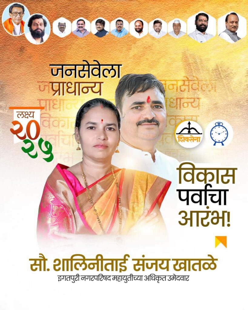 भास्कर सोनवणे : इगतपुरीनामा न्यूज – इगतपुरी शहराला २४ तास पाणीपुरवठा करण्याचा दृढ संकल्प, स्वच्छतेचा आदर्श निर्माण करणारे शहर, तळागाळातील घटकांना केंद्रबिंदू मानून शासकीय योजना त्यांच्यापर्यंत पोहचविण्याचे काम आणि इगतपुरीकर नागरिकांना आनंद वाटेल अशी सर्वोच्च कामगिरी करण्यासाठी नगराध्यक्षपदाची उमेदवारी करीत आहे. प्रत्येक प्रभागात समाजाच्या चांगुलपणासाठी झटणारे, गोरगरिबांचे कैवारी म्हणून काम करणारे आणि नीतिमत्ता संपन्न, चारित्र्यवान, शिलवान उमेदवार उभे केले आहेत. इगतपुरीचे मतदार बंधू भगिनी सुजाण आहेत. त्यामुळे आमचा विजय ही काळ्या दगडावरची न पुसणारी रेखा आहे असा ठाम विश्वास शिवसेना धनुष्यबाण, राष्ट्रवादी काँग्रेस घड्याळ गटाच्या नगराध्यक्ष पदाच्या अधिकृत उमेदवार सौ. शालिनीताई खातळे यांनी व्यक्त केला. नाशिक, मुंबई आणि पुणे असा सुवर्णत्रिकोण साधणारी इगतपुरी ही खऱ्या अर्थाने इंद्रपुरी म्हणून नावलौकिकाला पात्र ठरवण्यासाठी आम्ही ही निवडणूक हाती घेतली आहे. यापूर्वी ह्या शहराला अविकसित ठेवणाऱ्या प्रवृत्तीचा बिमोड निवडणुकीच्या मतदानात उमटणार आहे. यासाठी सर्व इगतपुरीकरांनी शिवसेना धनुष्यबाण, राष्ट्रवादी काँग्रेस घड्याळ यांचे सर्व अधिकृत उमेदवार निवडून द्यावेत असे आवाहन यावेळी सामाजिक कार्यकर्ते संजय खातळे यांनी केले. इगतपुरी नगरपरिषद निवडणुकीत आम्ही संपूर्ण ताकदीने उतरलो असून इगतपुरी शहराच्या पुढील ५० वर्षाच्या भविष्यासाठी मतदारांनी सुद्धा आमच्या हातात सत्तेच्या चाव्या देण्याचा निर्णय घेतलेला आहे. त्यामुळे आम्ही सर्वजण इगतपुरीला सुंदर आणि विकसित इंद्रपुरी करण्यास कटीबद्ध आहोत असेही सौ. शालिनी संजय खातळे यांनी सांगितले.
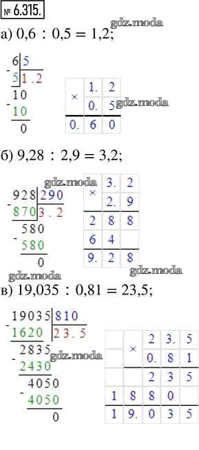 ГДЗ решение к заданию № 6.315 Математика 5 класс Виленкин Н.Я. Просвещение 2021 Часть 2 бесплатно на гдз.мода!
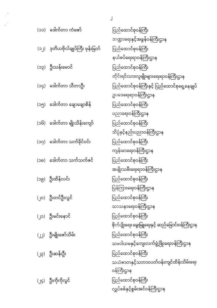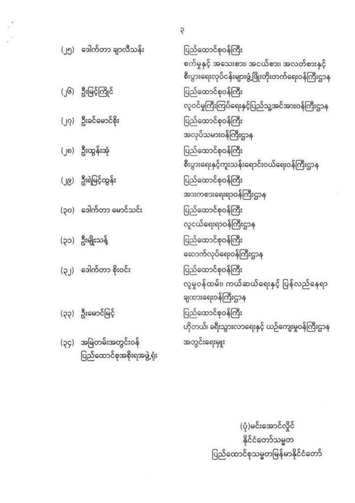 ဒါ့အပြင် နိုင်ငံတော်သမ္မတရုံးရဲ့ ပြည်ထောင်စုဝန်ကြီးအဖြစ် ဦးခင်မောင်ရီ၊ နိုင်ငံတော်သမ္မတရုံးဝန်ကြီးဌာန ပြည်ထောင်စုဝန်ကြီးအဖြစ် ဦးတင်အောင်စန်း၊ ပို့ဆောင်ရေးဝန်ကြီးဌာန၊ ဒစ်ဂျစ်တယ်ဖွံ့ဖြိုးတိုးတက်ရေးနှင့် ဆက်သွယ်ရေးဝန်ကြီးဌာန ပြည်ထောင်စုဝန်ကြီးအဖြစ် ဦးမြထွန်းဦး၊ ကာကွယ်ရေးဝန်ကြီးဌာန ပြည်ထောင်စုဝန်ကြီးအဖြစ် ဗိုလ်ချုပ်ကြီးထွန်းအောင်၊ ပြည်ထဲရေးဝန်ကြီးဌာန ပြည်ထောင်စုဝန်ကြီးအဖြစ် ဒု-ဗိုလ်ချုပ်ကြီးညွှန့်ဝင်းဆွေတို့က တာဝန်ယူသွားမယ်လို့ ဆိုပါတယ်။
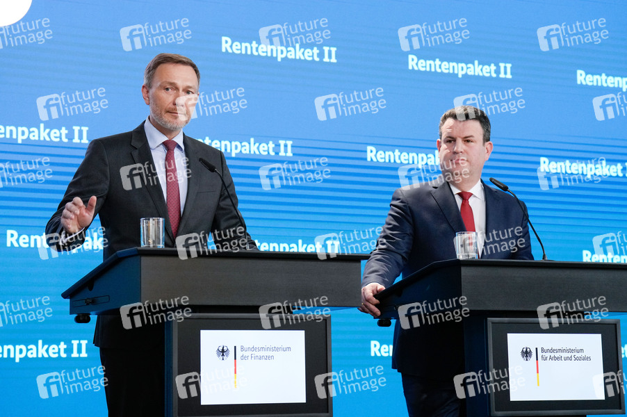 Christian Lindner und Hubertus Heil bei der Vorstellung des Rentenkonzepts der Bundesregierung Rentenpaket II im Bundesministerium für Arbeit und Soziales. Berlin, 05.03.2024
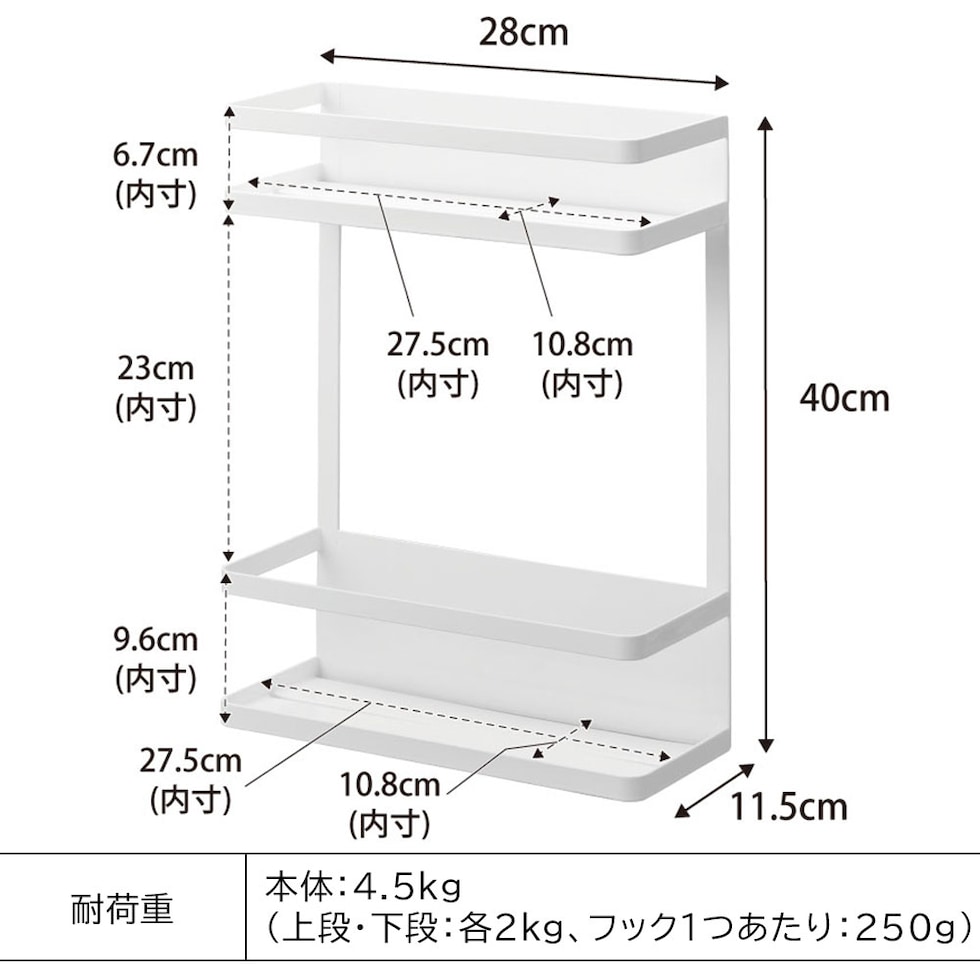 耐荷重 本体:4.5kg(上段・下段:各2kg フック1つあたり:250g) |

------------------------------

◆ What is required
An exact copy of the data is required, with the pictures excluded.

◆ Problem solution
 भास्कर सोनवणे : इगतपुरीनामा न्यूज – इगतपुरी शहराला २४ तास पाणीपुरवठा करण्याचा दृढ संकल्प, स्वच्छतेचा आदर्श निर्माण करणारे शहर, तळागाळातील घटकांना केंद्रबिंदू मानून शासकीय योजना त्यांच्यापर्यंत पोहचविण्याचे काम आणि इगतपुरीकर नागरिकांना आनंद वाटेल अशी सर्वोच्च कामगिरी करण्यासाठी नगराध्यक्षपदाची उमेदवारी करीत आहे. प्रत्येक प्रभागात समाजाच्या चांगुलपणासाठी झटणारे, गोरगरिबांचे कैवारी म्हणून काम करणारे आणि नीतिमत्ता संपन्न, चारित्र्यवान, शिलवान उमेदवार उभे केले आहेत. इगतपुरीचे मतदार बंधू भगिनी सुजाण आहेत. त्यामुळे आमचा विजय ही काळ्या दगडावरची न पुसणारी रेखा आहे असा ठाम विश्वास शिवसेना धनुष्यबाण, राष्ट्रवादी काँग्रेस घड्याळ गटाच्या नगराध्यक्ष पदाच्या अधिकृत उमेदवार सौ. शालिनीताई खातळे यांनी व्यक्त केला. नाशिक, मुंबई आणि पुणे असा सुवर्णत्रिकोण साधणारी इगतपुरी ही खऱ्या अर्थाने इंद्रपुरी म्हणून नावलौकिकाला पात्र ठरवण्यासाठी आम्ही ही निवडणूक हाती घेतली आहे. यापूर्वी ह्या शहराला अविकसित ठेवणाऱ्या प्रवृत्तीचा बिमोड निवडणुकीच्या मतदानात उमटणार आहे. यासाठी सर्व इगतपुरीकरांनी शिवसेना धनुष्यबाण, राष्ट्रवादी काँग्रेस घड्याळ यांचे सर्व अधिकृत उमेदवार निवडून द्यावेत असे आवाहन यावेळी सामाजिक कार्यकर्ते संजय खातळे यांनी केले. इगतपुरी नगरपरिषद निवडणुकीत आम्ही संपूर्ण ताकदीने उतरलो असून इगतपुरी शहराच्या पुढील ५० वर्षाच्या भविष्यासाठी मतदारांनी सुद्धा आमच्या हातात सत्तेच्या चाव्या देण्याचा निर्णय घेतलेला आहे. त्यामुळे आम्ही सर्वजण इगतपुरीला सुंदर आणि विकसित इंद्रपुरी करण्यास कटीबद्ध आहोत असेही सौ. शालिनी संजय खातळे यांनी सांगितले.
 ГДЗ решение к заданию № 6.315 Математика 5 класс Виленкин Н.Я. Просвещение 2021 Часть 2 бесплатно на гдз.мода!
 ဒါ့အပြင် နိုင်ငံတော်သမ္မတရုံးရဲ့ ပြည်ထောင်စုဝန်ကြီးအဖြစ် ဦးခင်မောင်ရီ၊ နိုင်ငံတော်သမ္မတရုံးဝန်ကြီးဌာန ပြည်ထောင်စုဝန်ကြီးအဖြစ် ဦးတင်အောင်စန်း၊ ပို့ဆောင်ရေးဝန်ကြီးဌာန၊ ဒစ်ဂျစ်တယ်ဖွံ့ဖြိုးတိုးတက်ရေးနှင့် ဆက်သွယ်ရေးဝန်ကြီးဌာန ပြည်ထောင်စုဝန်ကြီးအဖြစ် ဦးမြထွန်းဦး၊ ကာကွယ်ရေးဝန်ကြီးဌာန ပြည်ထောင်စုဝန်ကြီးအဖြစ် ဗိုလ်ချုပ်ကြီးထွန်းအောင်၊ ပြည်ထဲရေးဝန်ကြီးဌာန ပြည်ထောင်စုဝန်ကြီးအဖြစ် ဒု-ဗိုလ်ချုပ်ကြီးညွှန့်ဝင်းဆွေတို့က တာဝန်ယူသွားမယ်လို့ ဆိုပါတယ်။
 Christian Lindner und Hubertus Heil bei der Vorstellung des Rentenkonzepts der Bundesregierung Rentenpaket II im Bundesministerium für Arbeit und Soziales. Berlin, 05.03.2024
 耐荷重 本体:4.5kg(上段・下段:各2kg フック1つあたり:250g) |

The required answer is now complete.